Great feature on a piece of Detroit history in today’s NYT Sports section: “In Tigers’ Playoff Run, the Lindell A.C. is Missed”:
The team plays in a sparkling downtown park that was built a dozen years ago and named, to the dismay of many purists, after a bank. More than three million fans have passed through its turnstiles so far this year, and it’s a safe bet that many of them don’t remember or have managed to forget the team’s previous home, a great sooty iceberg built in 1912 just west of downtown. Tiger Stadium is gone to dust now, memories of it growing dimmer every time Cabrera whacks another ball over the outfield wall at Comerica Park.
But Detroiters tend to have a deep, quirky sense of pride, and more than a few of them will tell you that there’s a bygone relic even more worthy of mourning than Tiger Stadium. Or the downtown J. L. Hudson department store. Or Cass Tech High School, whose alumni roster includes John DeLorean, Lily Tomlin and Diana Ross.
That other place was a bar called the Lindell A.C. It was in an unexceptional-looking brick building a few blocks from Tiger Stadium, but it became a legend, a place where the famous rubbed elbows with the unknown.

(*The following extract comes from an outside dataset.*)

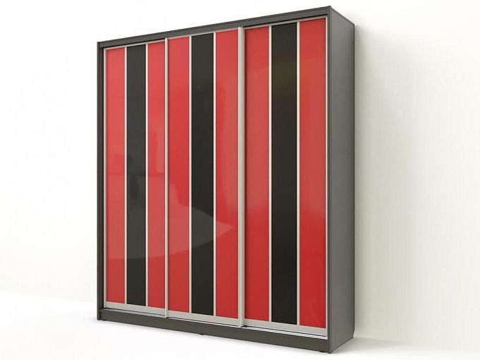 Шкаф-купе Лика BMS с тремя дверями имеет стильный презентабельный дизайн, который преобразит любое помещение. Фасад шкафа оформлен вертикальными полосами закаленного стекла черного и красного цветов. Внутри шкаф обустроен вместительными полками и хромированной штангой для вешалок. По желанию могут быть установлены выдвижные ящики на телескопических направляющих, а также дополнительные полки.
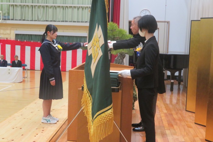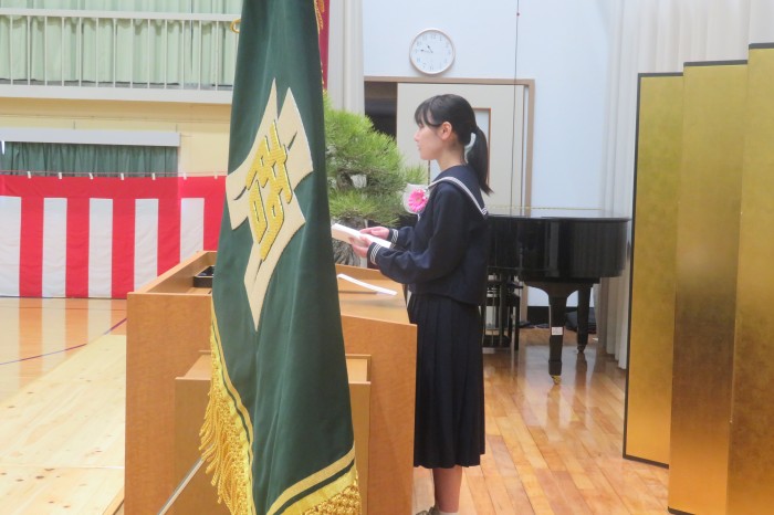 卒業生代表の菊池結菜さんによる答辞では、3年間の思い出とともに、家族や教職員、

It was first opened in 1949 in the no-star Lindell Hotel by Meleti Butsicaris. In the 1950s, a regular customer suggested putting signed photographs of athletes on the walls. He even showed Butsicaris and his sons, Johnny and Jimmy, how to cut a baseball bat in half lengthwise, the better to screw it into the wall. Soon other bats and baseballs, hockey sticks and pucks were added, along with the jerseys of local gods like Al Kaline, Norm Cash, Gordie Howe and Dave Bing, a Pistons star who is now the mayor of Detroit. But the maraschino cherry on the memorabilia was surely Lions linebacker Wayne Walker’s jockstrap, which was fastened to a plaque in a prominent place on the barnacled walls. The customer who came up with the original suggestion about hanging the signed photographs was a Yankees infielder named Billy Martin.

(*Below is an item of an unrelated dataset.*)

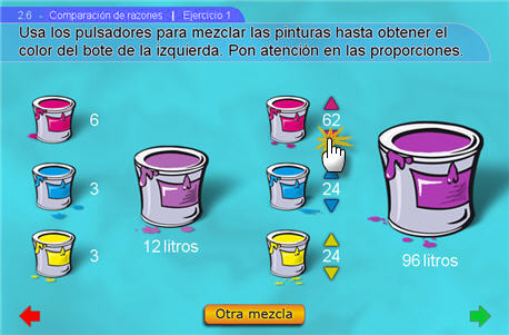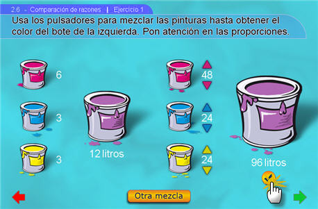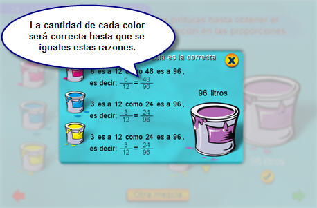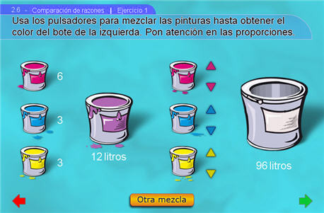 6. EjerciciosHaciendo uso de los conceptos aprendidos sobre razón y temas relacionados, se presenta una serie de problemas de aplicación, tales como triángulos equivalentes o de proporción de mezclas. Ejercicio 1La primera escena de este apartado muestra unas cubetas con pintura y la idea de este interactivo es que el niño observe que del lado izquierdo hay 4 cubetas, 3 con los colores primarios acompañadas de un número (indica la cantidad de litros que se aporta de ese color) y una cubeta un poco más grande con pintura dek color de la mezcla de los primarios, además de tener un texto en la parte inferior que indica cuantos litros de pintura hay en total en dicha cubeta (es la suma de los litros de los tres primarios). Del lado derecho se observa algo similar, con la diferencia que el bote está vacío y se requiere que se obtenga el número de litros que se encuentra debajo de la cubeta del extremo derecho, con una mezcla que de el mismo color que enla mezcla de la izquierda. Las pequeñas cubetas del lado derecho ofrecen la posibilidad de aportar litros de pintura de cada color, con ayuda de os pulsadores, presione cada uno de ellos para agregar o quitar llitros de pintura de cada color, hasta obtener la misma mezcla.
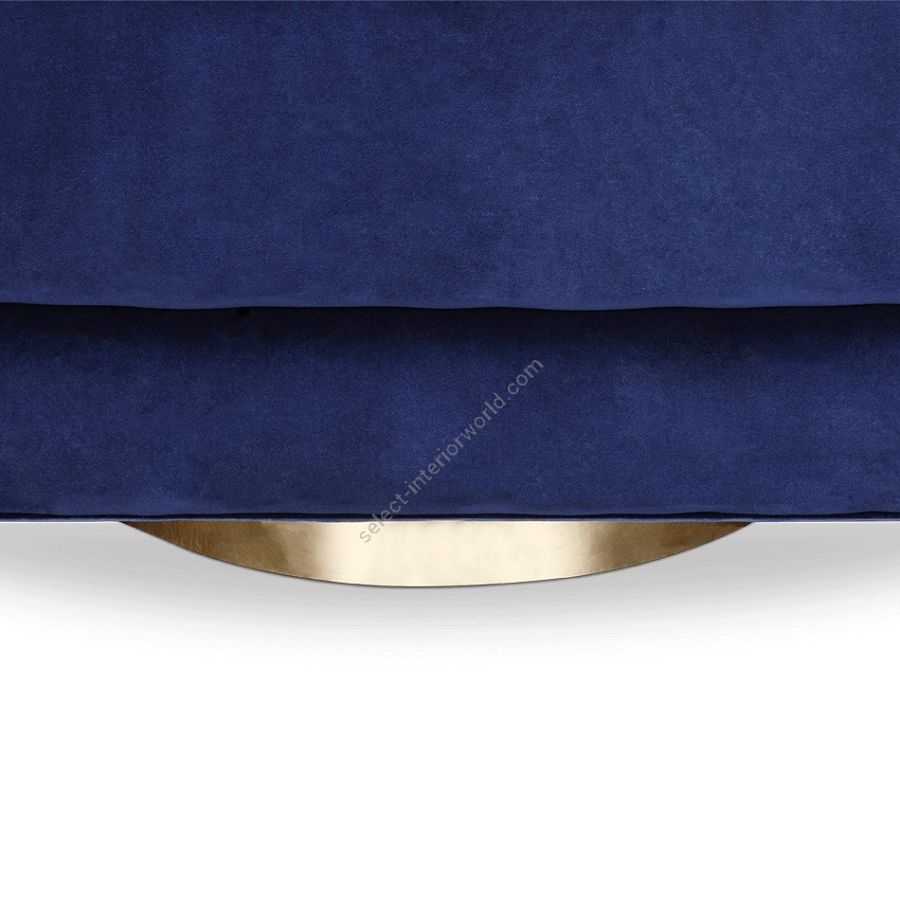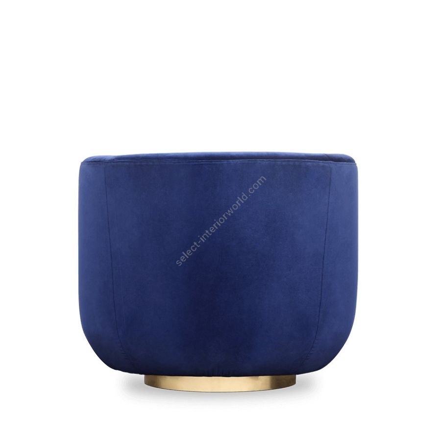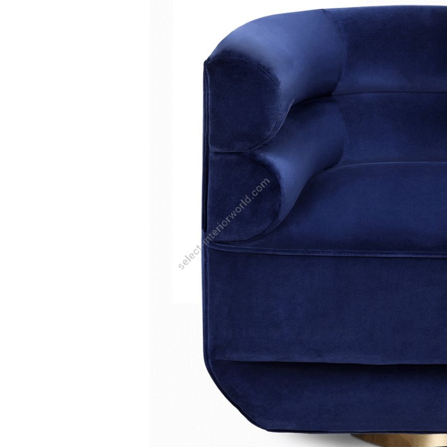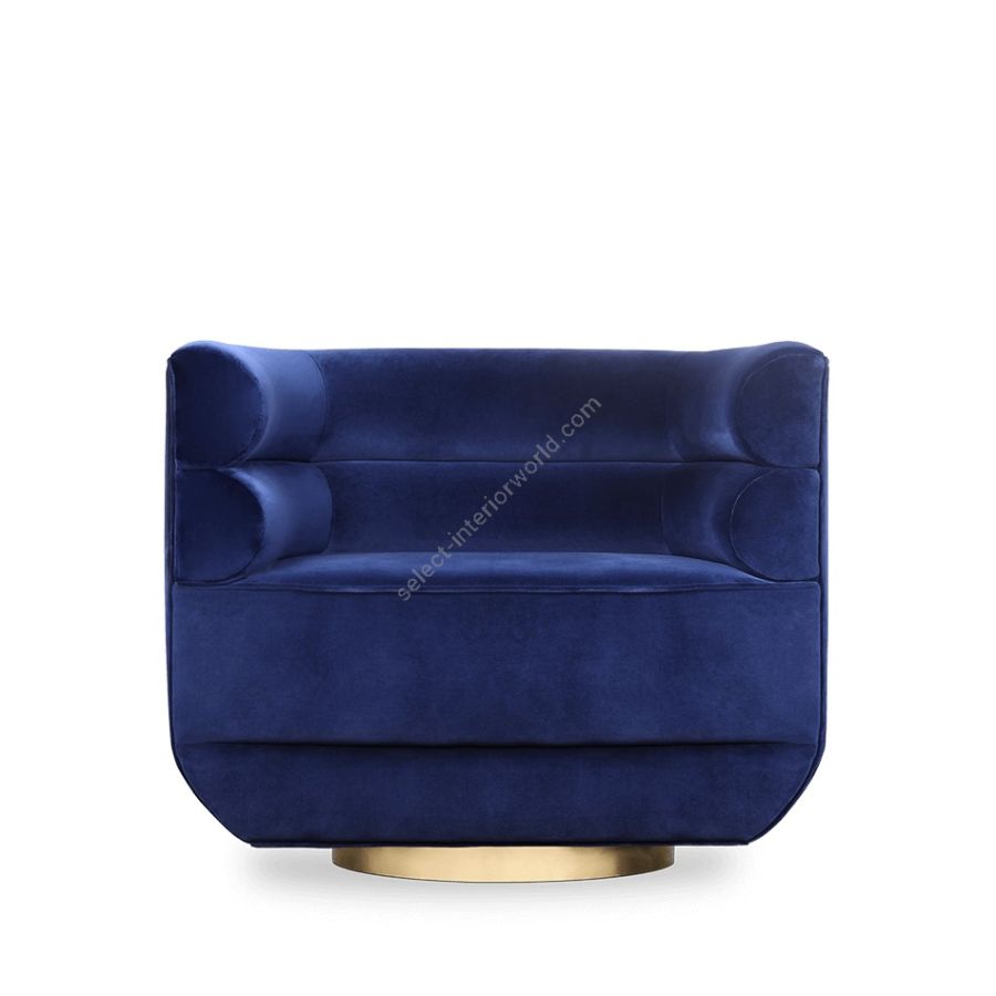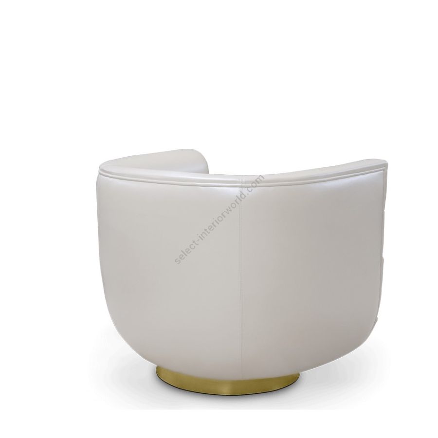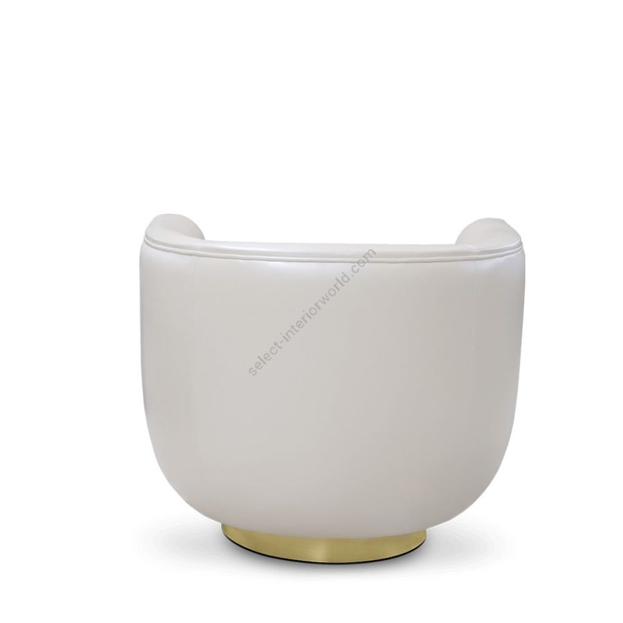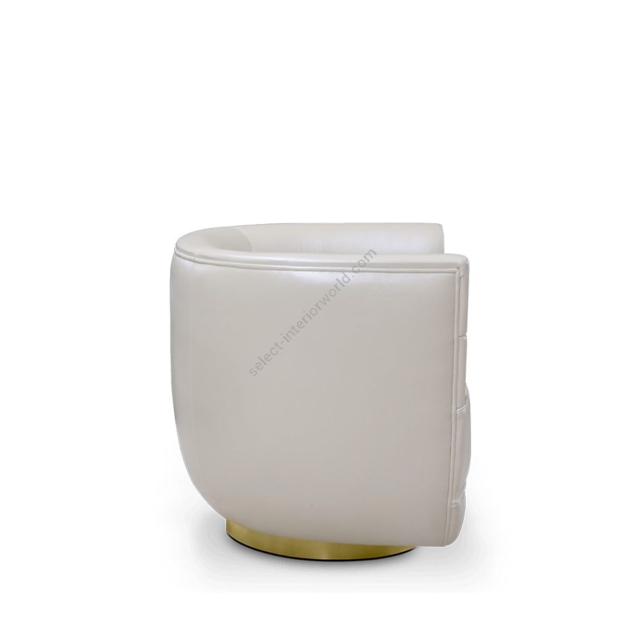 Inspired by mid-century retro designs, Loren features a simple and sophisticated design with a swivel golden brass base, and it is upholstered in leather. Due to its low back, it's a versatile chair fit for any room. The compact and curved look along with its rolled arms, make this a luxury statement piece.

After relocating to the corner of Michigan and Cass Avenues in 1963, the Butsicaris family added “A.C.” to the name at the suggestion of a local sports columnist and repeat customer named Doc Greene — a wry swipe at the swells who patronized the nearby Detroit Athletic Club. The Lindell A.C.’s burgers were out of this world, there were three television sets, and the place was always jumping. Jimmy Butsicaris installed himself at the corner of the bar every night, where he could keep one eye on the door and one on the cash register. “He didn’t want to have any seepage,” the owner of a nearby bar says. “And he wanted to know everybody who walked in that door — cop or robber, friend or foe.” For foes, Jimmy kept a set of brass knuckles in his pocket.
Read the rest of the essay. Not surprisingly, the author is a native son of Detroit:
Bill Morris grew up in Detroit in the 1950s and ’60s. He is the author of the novels “Motor City” and “All Souls’ Day,” and has finished another, “Vic #43,” set during the 1967 Detroit riot and the Tigers’ 1968 championship season.
See also the accompanying slideshow from which the photo above (“From left, Johnny and Jimmy Butsicaris, shown in May 1979”) is pulled.
The slideshow reminds me of a photo book I picked up in a used bookstore about a dozen years (in Ithaca, ironically), which includes a set of photos from the Tigers’ 1984 World Series win.
Actually, I moved to SE MI about a dozen years ago. We talked about going to Tigers Stadium during that last season of play there. Still regret that we didn’t and hence that I never saw a game there.
(Haven’t made it to a game at Comerica either, but did sit in the bleachers there to watch a simulcast of a Stevie Wonder concert from Hart Plaza (we’d gone down to Hart Plaza initially, but the crush of Detroit humanity was too great, so we retreated up Woodward to the stadium.)